You'll also want to ensure a healthy balance of fats, protein, carbs, and fibre, too. Aim for 80% of your diet to come from complex carbs, lean meats (or vegetable based proteins) and veg to keep your immune system in top shape.
Give Your Digestive System Time To Rest
As we get older, our immune system becomes less effective at fighting off potentially harmful invaders. Allowing your digestive system to have a whole 12-hour break from food overnight can keep our digestive system healthy, allow cells to repair themselves and keep our immune system strong.
Watch the booze
Studies show that alcohol weakens our immune system  and can also disrupt quality sleep and tends to drive us towards unhealthier food decisions. So, there are lots of reasons why it could be sensible to cut right back or even avoid it altogether. Smoking can also wreak havoc on your immune system and should be cut out.
So, keep on making healthy lifestyle choices because they will help you to keep your immune system tip-top and aid your recovery if you do get sick.

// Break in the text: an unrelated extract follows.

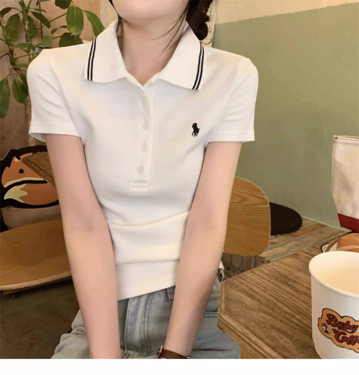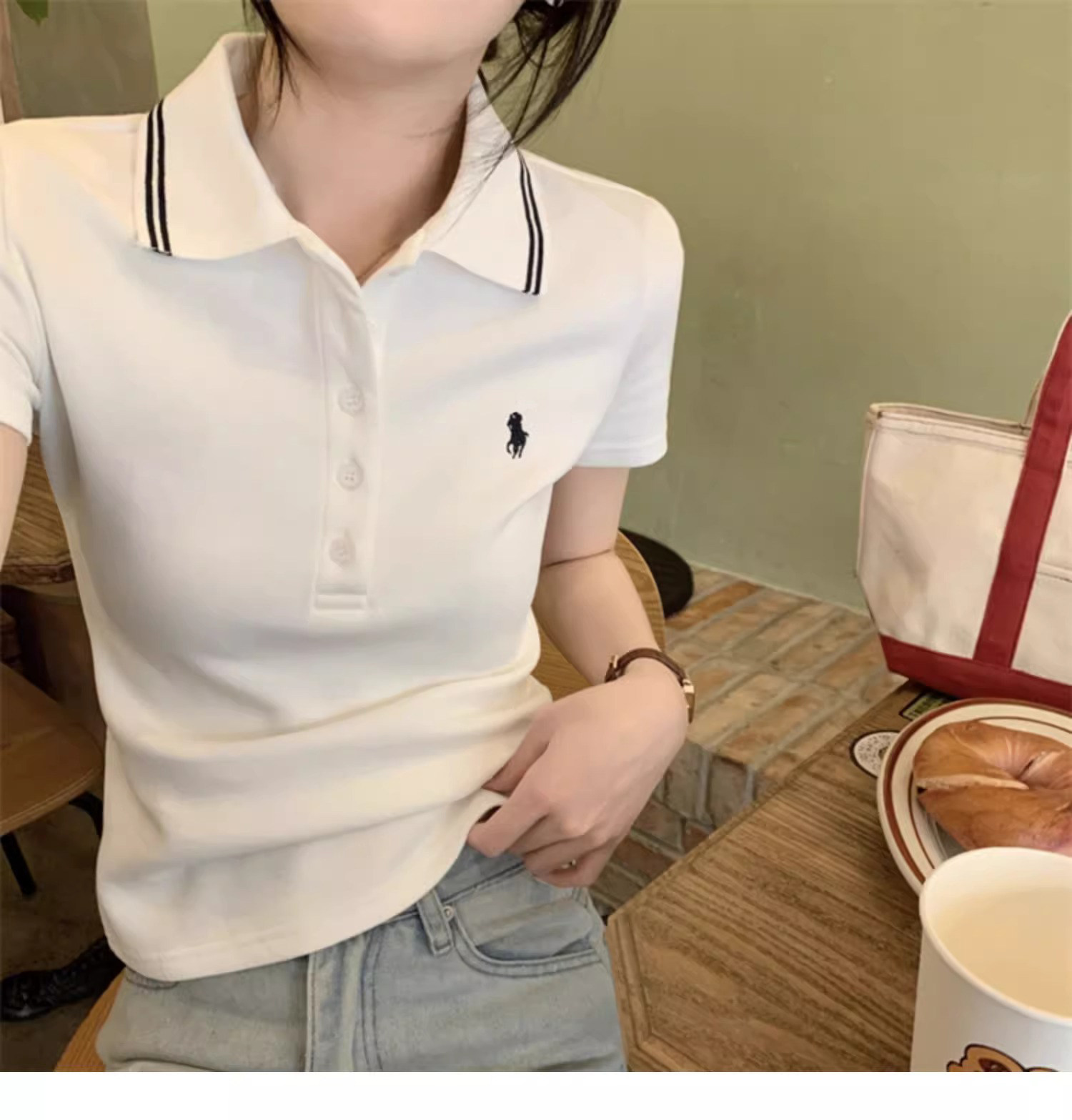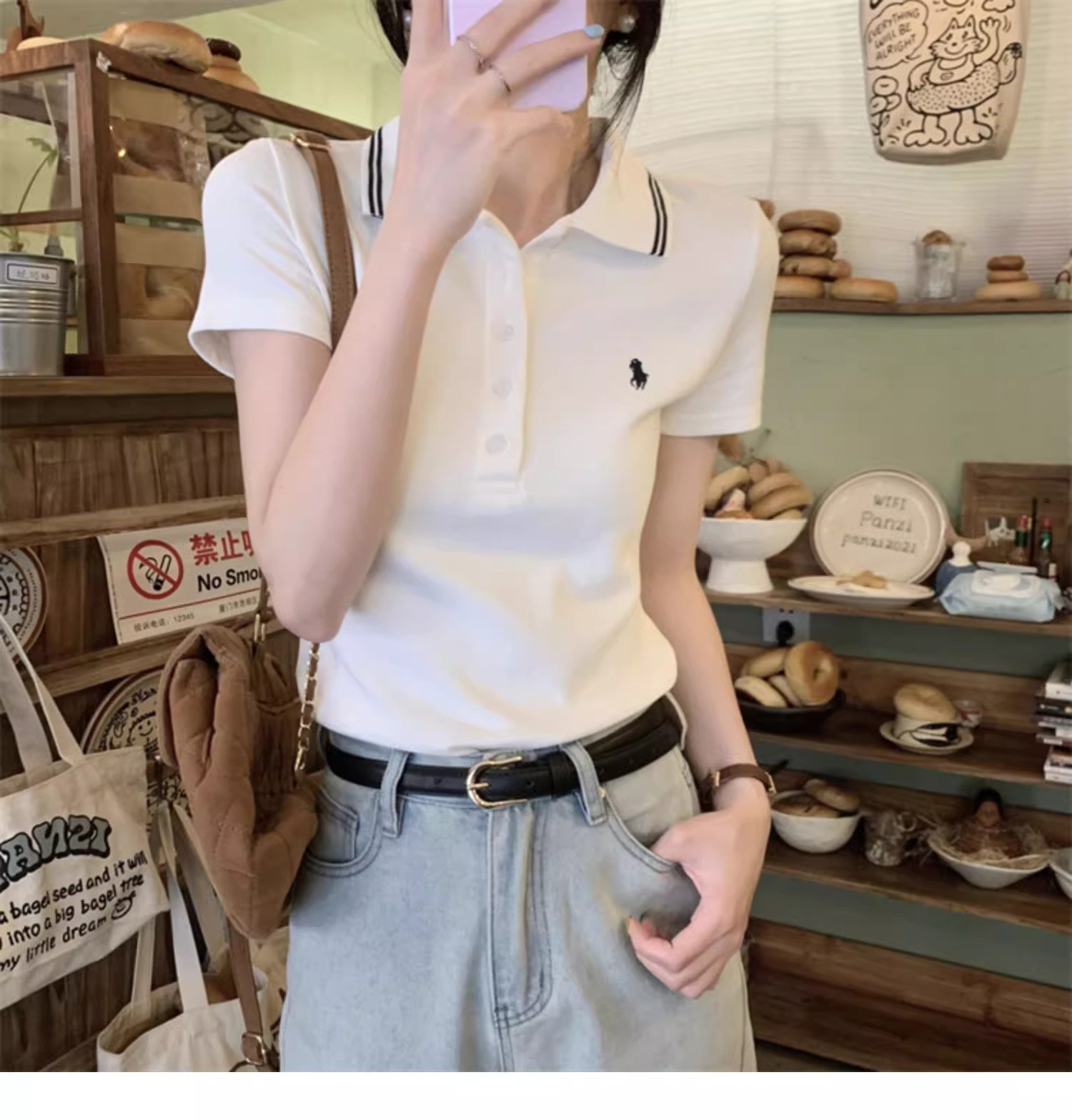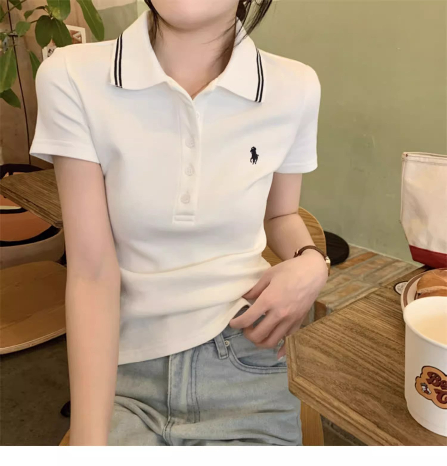 Summer American-Style Embroidered White Short-Sleeve T-Shirt for Women, Unique Design, Trendy Slim-Fit Polo Shirt

Disclaimer: None of the above is intended to be medical advice. Please consult your GP as usual if you have ongoing medical conditions or take regular medication before making any significant changes.
- Cohen, S., Doyle, W., Alpher, C., Deverts, D., & Turner, R. (2009) Sleep habits and susceptibility to the common cold. Archives of Internal Medicine, 169, (1) pp. 62 – 67.
- Shephard, R., Shek, P. & DiNubile, N. (1999) Exercise, immunity and susceptibility to infection. The Physician and Sports Medicine. 27, (6). pp. 47 – 71.
- National Diet and Nutrition Survey: Years 1 to 9 of the Rolling Programme (2008/2009 – 2016/2017): Time trend and income analyses. Public Health England. Published January 2019
- Ginde, A., Mansbach, J & Camargo, C. (2009) Vitamin D, respiratory infections, and asthma. Currently Allergy & Asthma Report. 9, (1). pp. 81 – 87.
- Cohen, S., Tyrrell, D. & Smith, A. (1991) Psychological stress and susceptibility to the common cold. The New England Journal of Medicine, 325, (9). pp. 606 – 612.
- Sarkar, D., Jung, K. & Wang, H. (2015) Alcohol and the immune system. Alcohol Research, 37, (2). pp. 153 – 155.